Bruna spoke publicly on Friday, May 29, posting on Instagram to address what had happened. She said she had already given a full account to police and explained the sequence of events as she experienced them: the water invasion, the impossible physics of trying to hold onto a sinking machine in a strong current that dragged them seaward. She acknowledged she had not yet had the chance to speak with Dheorge's family. Her words were measured, factual, the account of someone who had survived something that killed the person beside her.
The recovery of Dheorge's body on June 1 ended the active search but not the questions that linger when the sea claims someone. Nine days had passed since he left that boat. Nine days of his family waiting, hoping, then grieving. The Maritime Fire Department's announcement of the discovery was clinical, a statement of fact. But behind it lay the full weight of what those nine days meant—the mobilization of resources, the coordination across agencies, the vigil kept by people who loved him, and the moment when a sister had to confirm what she already knew but had not wanted to believe.
Notable Quotes
It was impossible to keep holding on. The current was strong and carrying us toward open water.— Bruna Damaris, describing the jet ski sinking and the conditions at sea
The Hearth Conversation Another angle on the story
Why does it take nine days to find someone in waters that are being actively searched?
The ocean is vast and indifferent. A body in the water can drift, sink, get caught in currents. Even with boats and aircraft, you're looking for something small in something immense. Nine days is actually not unusual.

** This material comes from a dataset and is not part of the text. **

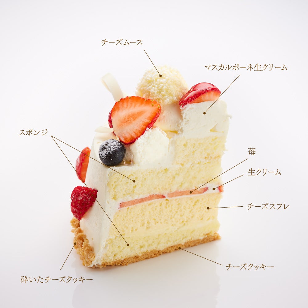 数種類のクリームチーズをブレンドしたなめらかなチーズスフレをスポンジで挟み、間には苺と生クリームをサンド。

Bruna survived nearly two days adrift. What was the difference between her and Dheorge?
Chance, mostly. She found something to hold onto. The current that killed him may have separated them quickly. Survival at sea is often about what's within arm's reach in the first moments.
She said she hadn't spoken to his family yet. How does that conversation happen?
It doesn't, not easily. She was the last person with him. She lived and he didn't. There's no script for that conversation, no words that make sense of it.
The jet ski sank because water got inside. Was that a mechanical failure or human error?
The source doesn't say. Maybe both, maybe neither. A machine in rough water with strong currents—things fail. What matters is that it did.
What does nine days of searching actually accomplish if the body is found by chance?
It accomplishes closure. It brings someone home. It tells a family their loved one didn't simply vanish. It's not about prevention anymore—it's about dignity, about not leaving someone lost.